The core of Reddit’s complaint revolves around the alleged scraping of its data through Google’s search engine results. According to the lawsuit, the defendants employed various deceptive tactics, including masking identities and rotating IP addresses, to extract billions of search-engine results pages that contained Reddit URLs, text, images, and videos. Reddit claims that Perplexity subsequently integrated this harvested data into its “answer engine.”
Key Allegations and Legal Framework
Two significant allegations distinguish this case from others. Reddit asserts it created a post that was indexed by Google but not directly accessible. Within hours, Perplexity’s answer engine reportedly surfaced substantial portions of that post, suggesting that Perplexity or its co-defendants scraped Google’s results and utilized the data. Additionally, after Reddit issued a cease-and-desist notice in May 2024, Perplexity’s citations to Reddit allegedly surged forty-fold, despite its public claims of respecting robots.txt directives.

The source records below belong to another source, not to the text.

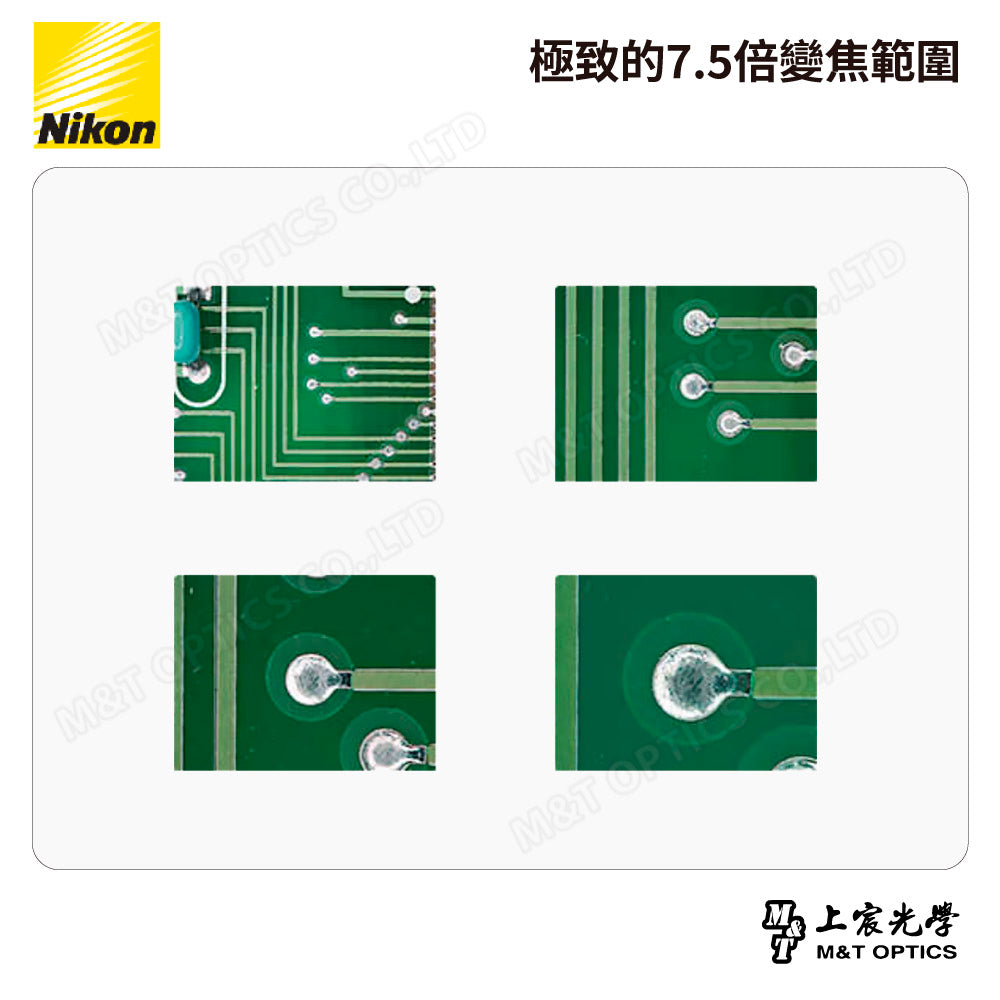 NIKON SMZ745顯微鏡具備 7.5 倍變焦與 115mm 的長工作距離,非常適合工業及生物醫學應用。採用新型全反射稜鏡,能呈現更明亮、高對比的影像;防霉設計讓顯微鏡即使在高溫高濕的環境中也能安心使用。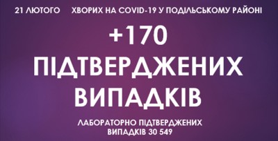 Станом на ранок 21 лютого, у Подільському районі зафіксовано 30 549 підтверджених випадків захворювання на коронавірусну інфекцію, з них 170 за минулу добу.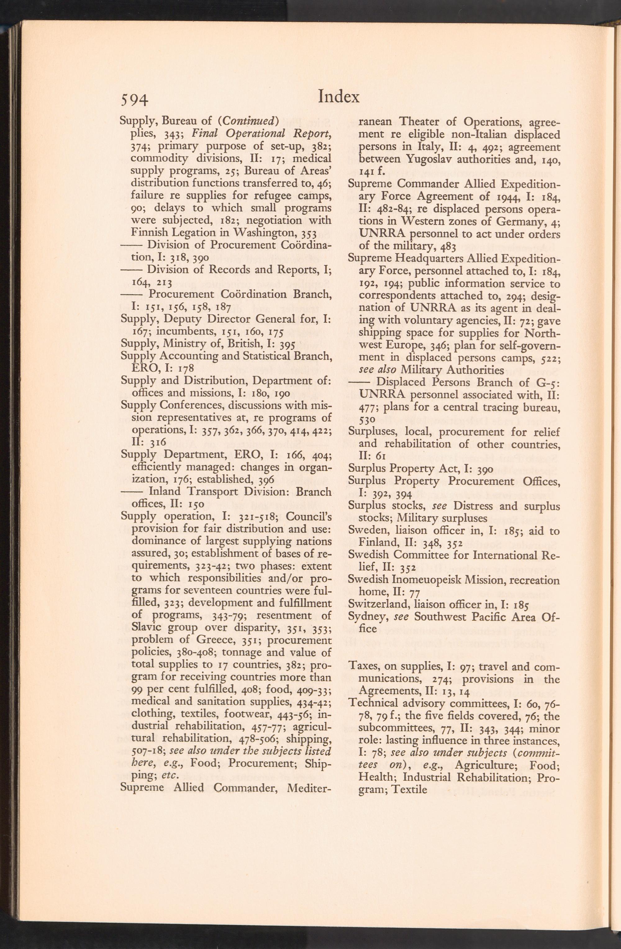 UNRRA Vol. II. UNRRA Index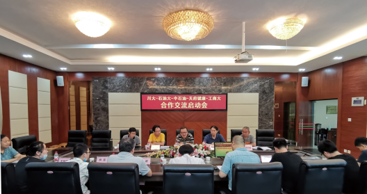 7月17日,成渝双城经济圈废塑料资源化研究合作交流启动会在我校废油资源化技术与装备工程研究中心召开。四川大学(弗吉尼亚大学)刘锦超、宋君祥,中国石油大学(华东)国家重质油重点实验室副主任柳云骐,四川天府健康产业研究院常务副院长王敬华,中国石油集团邓子林参加了此次会议。我校废油资源化技术与装备工程研究中心主任龚海峰、首席专家张贤明,以及与项目相关的多名教授、博士等研究人员参加了合作交流。学校党委李志雄书记专程到会看望、慰问了来校合作的成都方面的专家、领导。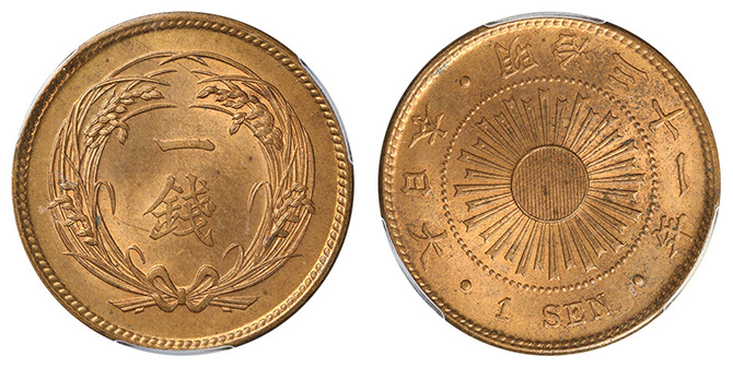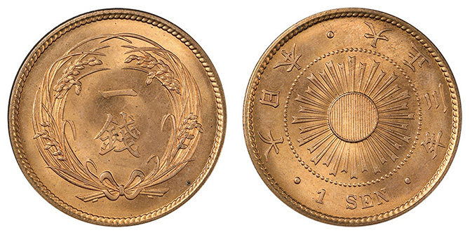 4412 稲1銭青銅貨 明治31年 PCGS(MS65RD) 未 18,000円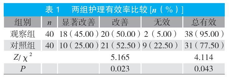 摘要:目的 探讨止咳贴穴位贴敷联合鼓励式护理对小儿肺炎的影响。方法 选取2024年1~12月医院收治的80例小儿肺炎患儿为研究对象,按照随机数字表法分为观察组和对照组各40例。对照组实施常规护理联合鼓励式护理,观察组在对照组基础上加用止咳贴穴位贴敷,比较两组护理效果、主要症状缓解时间、炎症指标(C反应蛋白、白细胞计数)及不良反应发生情况。结果 观察组护理总有效率高于对照组(P<0.05);观察组发

Rather than disputing how Perplexity used the copyrighted materials, Reddit’s claim under §1201(a)(1) of the DMCA emphasizes the act of circumventing technological measures that control access to copyrighted works. The lawsuit also points to the unlawful actions of the data-scraping co-defendants, alleging that Perplexity collaborated with them to facilitate this large-scale circumvention of Reddit’s and Google’s access controls. Reddit seeks both injunctive relief and damages for the harm caused to its business.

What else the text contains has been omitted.